● **ASSIGNMENT**:
Print the line containing "On vous dit", then every line after it through the end of the material, exactly as written and without pictures.

● **EXTRACTED ENTRIES**:
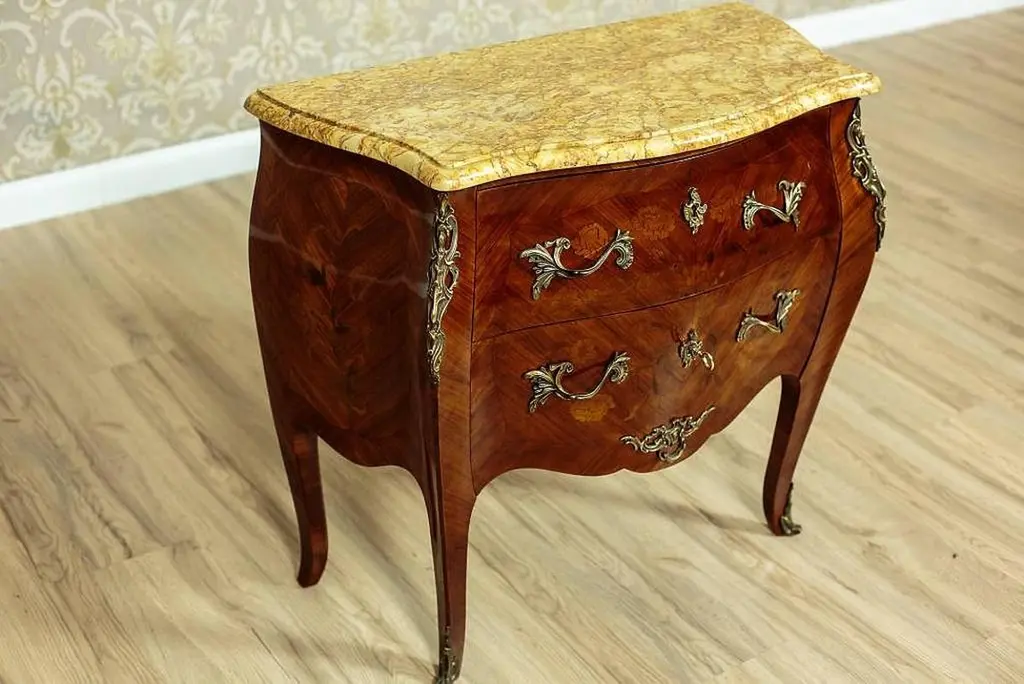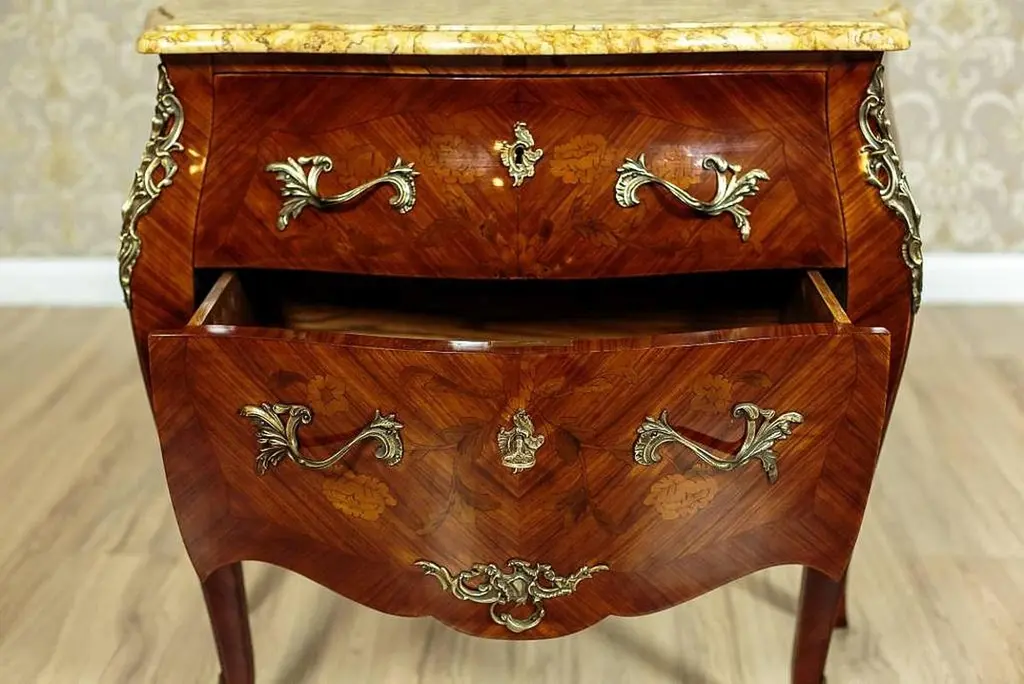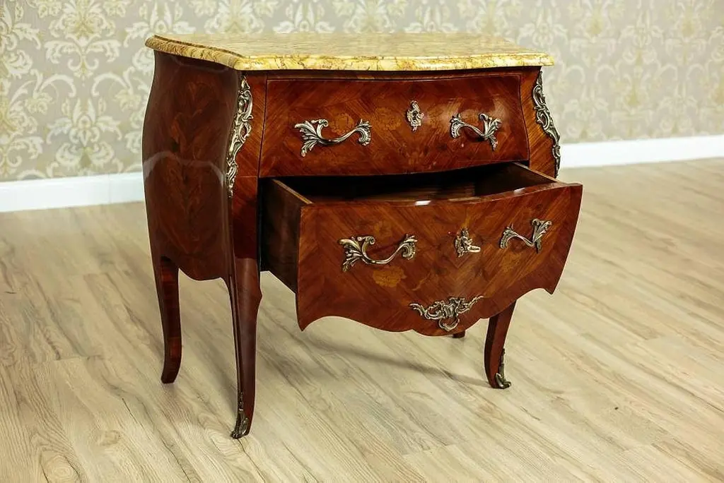 Neo-Rococo Inlaid Dresser Veneered with Mahogany, circa 1930A dresser, circa 1930, resembles furniture in the Louis XV style.This piece of furniture in the French type has a bulbous shape and a marble top, which is ornated with marqueteries and intarsias.The handles of the drawers and the appliqués layered on the legs are made of brass.Presented dress has undergone professional renovation. It is covered in French polish in the shade of high gloss orange.There are cracks and traces of gluing visible on the top.
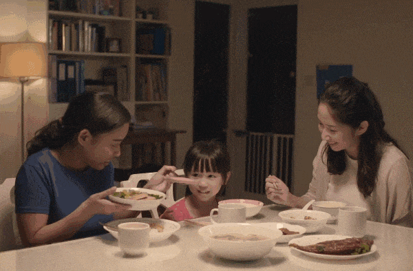孩子喊Lisa名字时,她纠正要喊Lisa阿姨。Lisa开心地笑了,也给孩子夹了菜,孩子很高兴,又恢复了“小甜心”的样子。
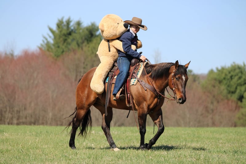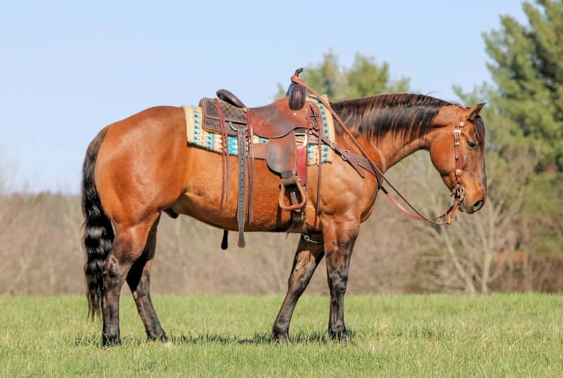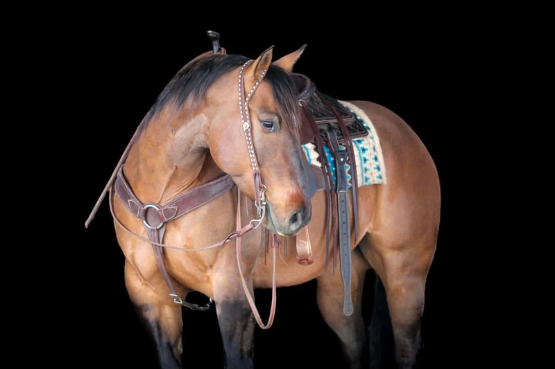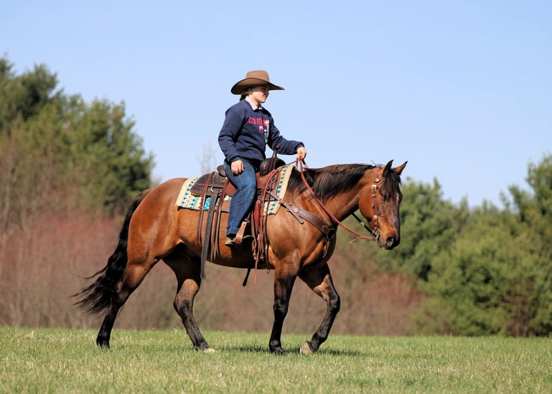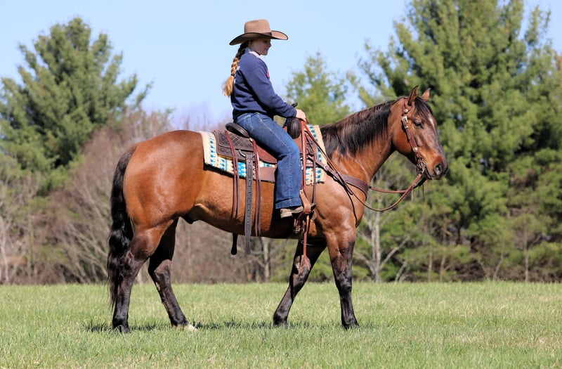 Espresso, potro de 7 años, de 15 manos, de color dun en tono buckskin, de raza Quarter Horse y con o
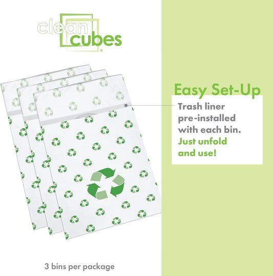 30 Gallon Disposable Pop-Up Trash Cans (3-Pack) with Fitted Bags – Foldable Garbage & Recycling Bins for Parties, Events & Kitchen (Recycle, 30" H x 14" W x 17" D)
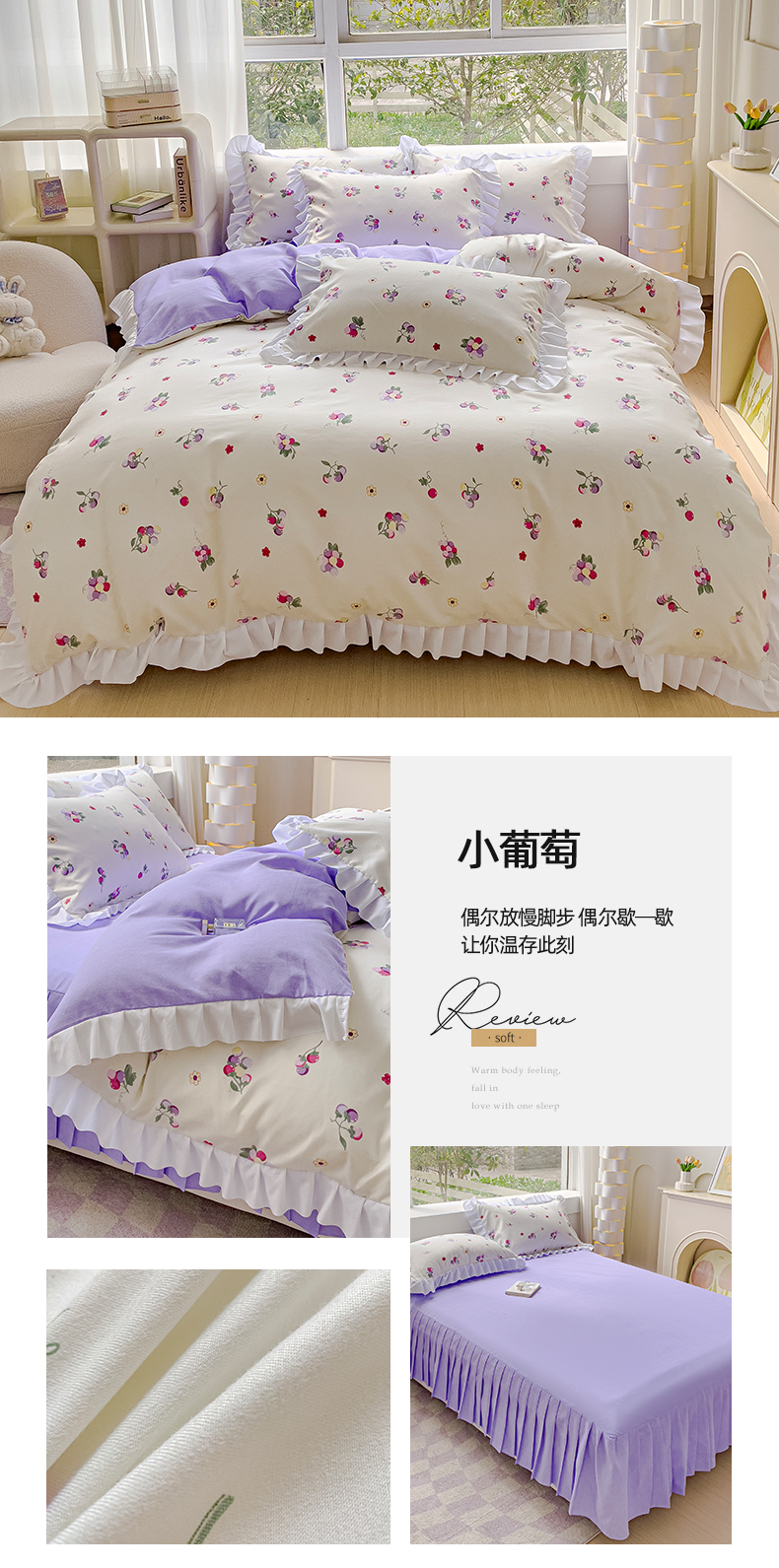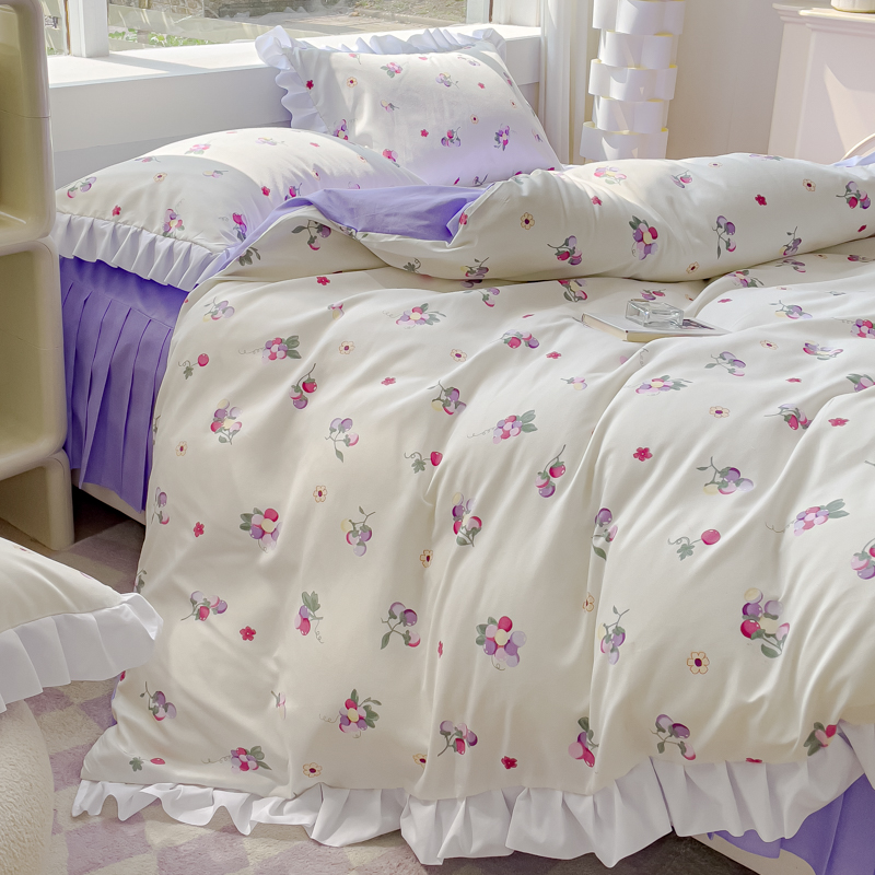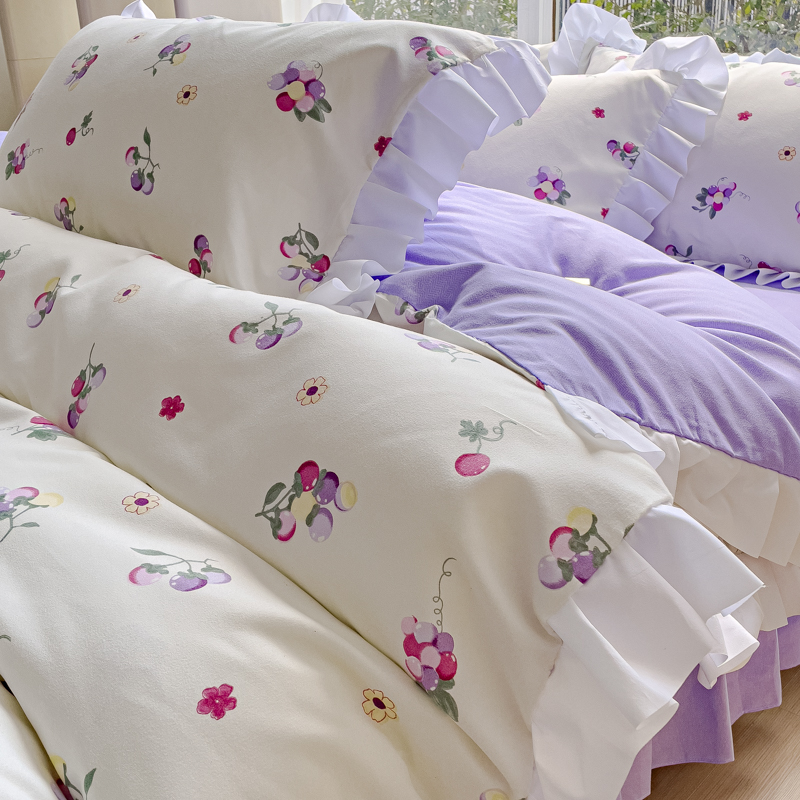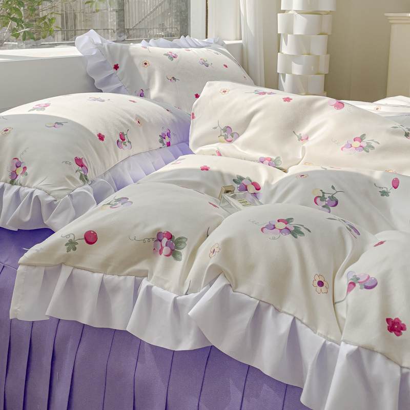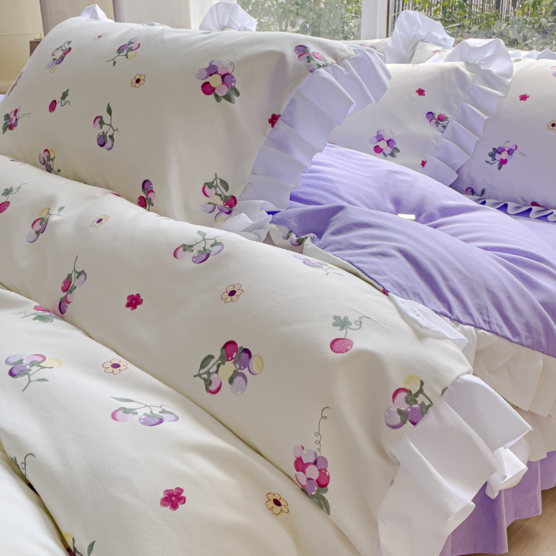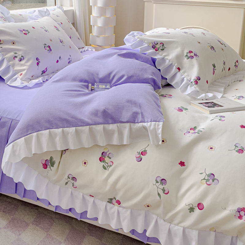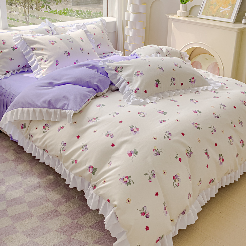 商品名称:麦瑞家纺 2024新款韩版公主风花边四件套 小葡萄
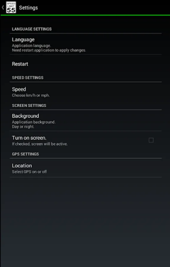 • Able to keep screen active during usage of application (if checked in settings).
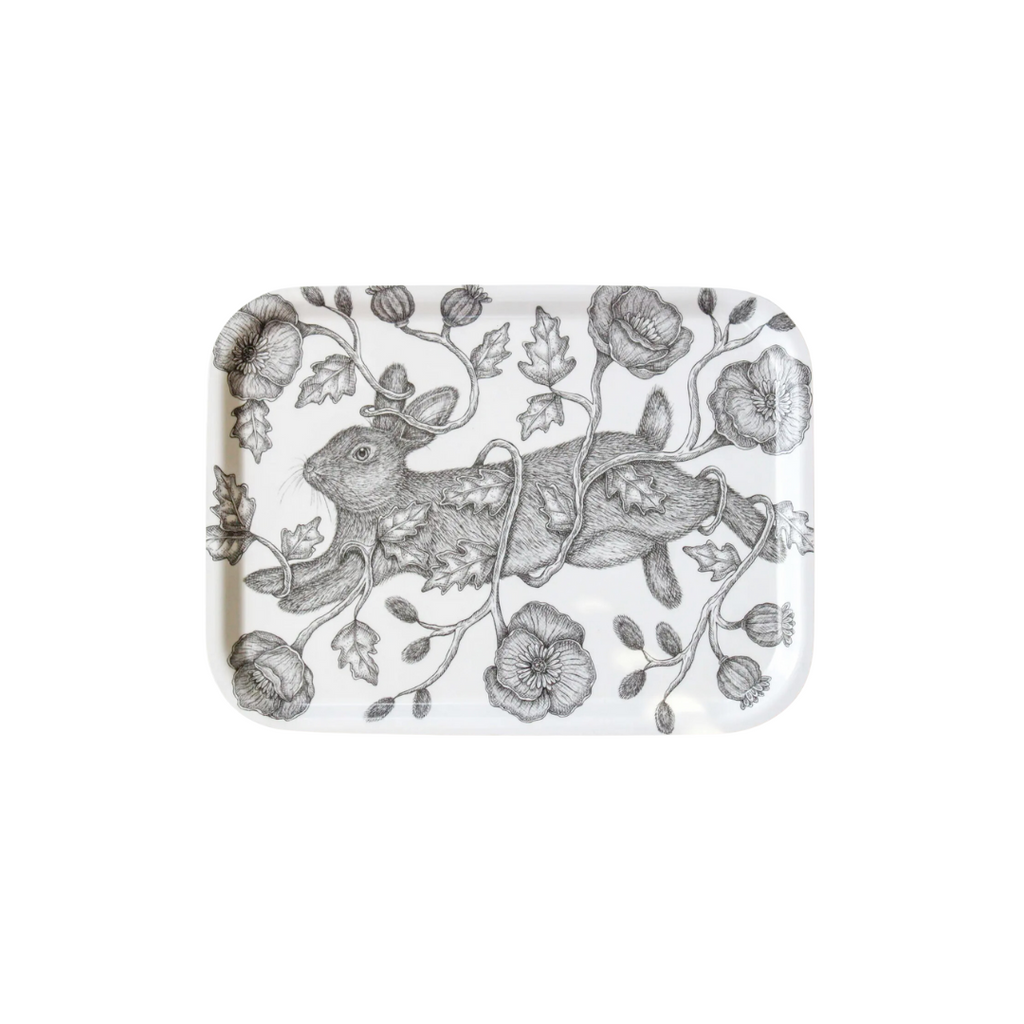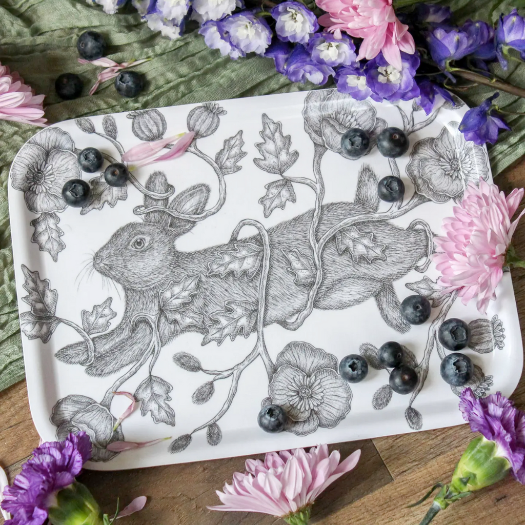 Let the magical world of Mackenzie Myrick's illustrations adorn your home! Made of sustainable birch wood, this tray features the artist's drawing of a cute rabbit jumping through the poppies. Perfect size for serving snacks or keeping track of small things like jewelry and keys. The tray measures 8" x 10" and is both food and dishwasher safe.
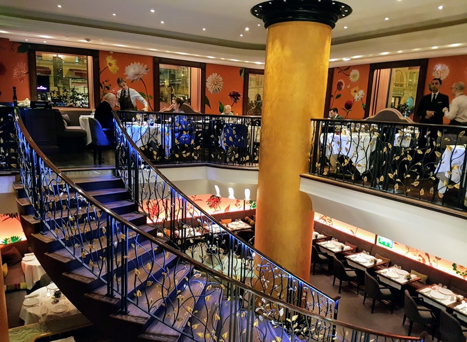 On vous dit que c’est une brasserie, entendu, mais une brasserie chic ! Ne serait-ce qu’à en juger par le décor Art nouveau (vrai ou copié ?) et son élégant escalier central entouré d’une rambarde en fer forgé et feuilles d’acanthe dorées. Les tables, bien distantes les unes des autres, agencées précisément le long de cette rambarde, dominent le lobby. Et pourtant, malgré l’ampleur du volume de la salle, l’atmosphère reste feutrée dans laquelle transpirent à peine quelques notes musicales très discrètes.
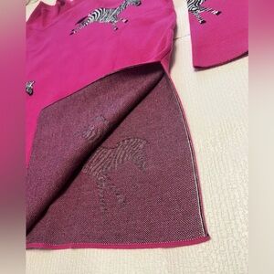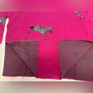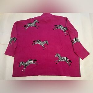 Stylish pink sweater with zebra print design. Perfect for a bold look.
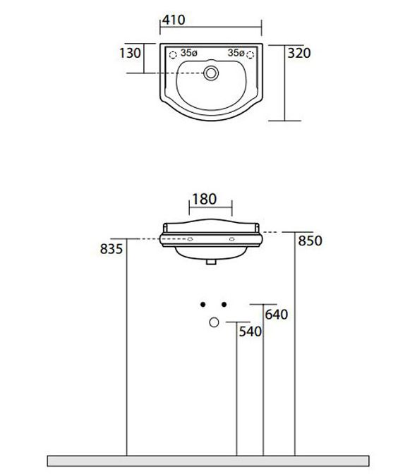 Kerasan Retro 103301 - Мини раковина 41 * 30 см (без отверстия для смесителя)
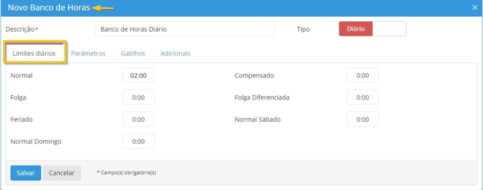 Banco de Horas configurado como “Diário”
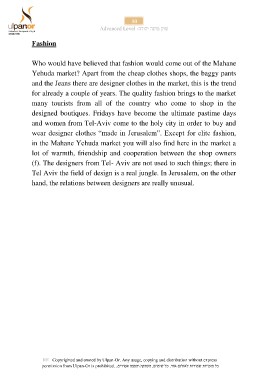 wear designer clothes “made in Jerusalem”. Except for elite fashion,
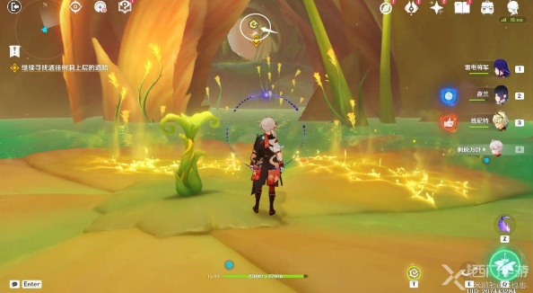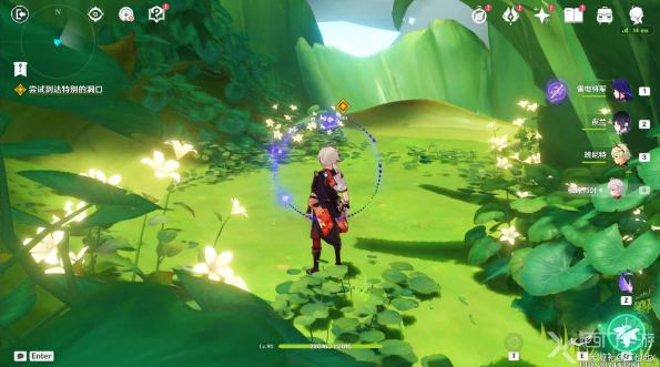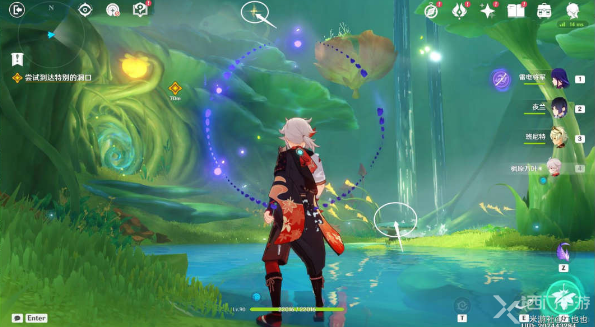 与派蒙对话进入秘境,往地图的东南方向走,前往任务指引位置

● **ANSWER TO THIS TASK**:
 On vous dit que c’est une brasserie, entendu, mais une brasserie chic ! Ne serait-ce qu’à en juger par le décor Art nouveau (vrai ou copié ?) et son élégant escalier central entouré d’une rambarde en fer forgé et feuilles d’acanthe dorées. Les tables, bien distantes les unes des autres, agencées précisément le long de cette rambarde, dominent le lobby. Et pourtant, malgré l’ampleur du volume de la salle, l’atmosphère reste feutrée dans laquelle transpirent à peine quelques notes musicales très discrètes.
 Stylish pink sweater with zebra print design. Perfect for a bold look.
 Kerasan Retro 103301 - Мини раковина 41 * 30 см (без отверстия для смесителя)
 Banco de Horas configurado como “Diário”
 wear designer clothes “made in Jerusalem”. Except for elite fashion,
 与派蒙对话进入秘境,往地图的东南方向走,前往任务指引位置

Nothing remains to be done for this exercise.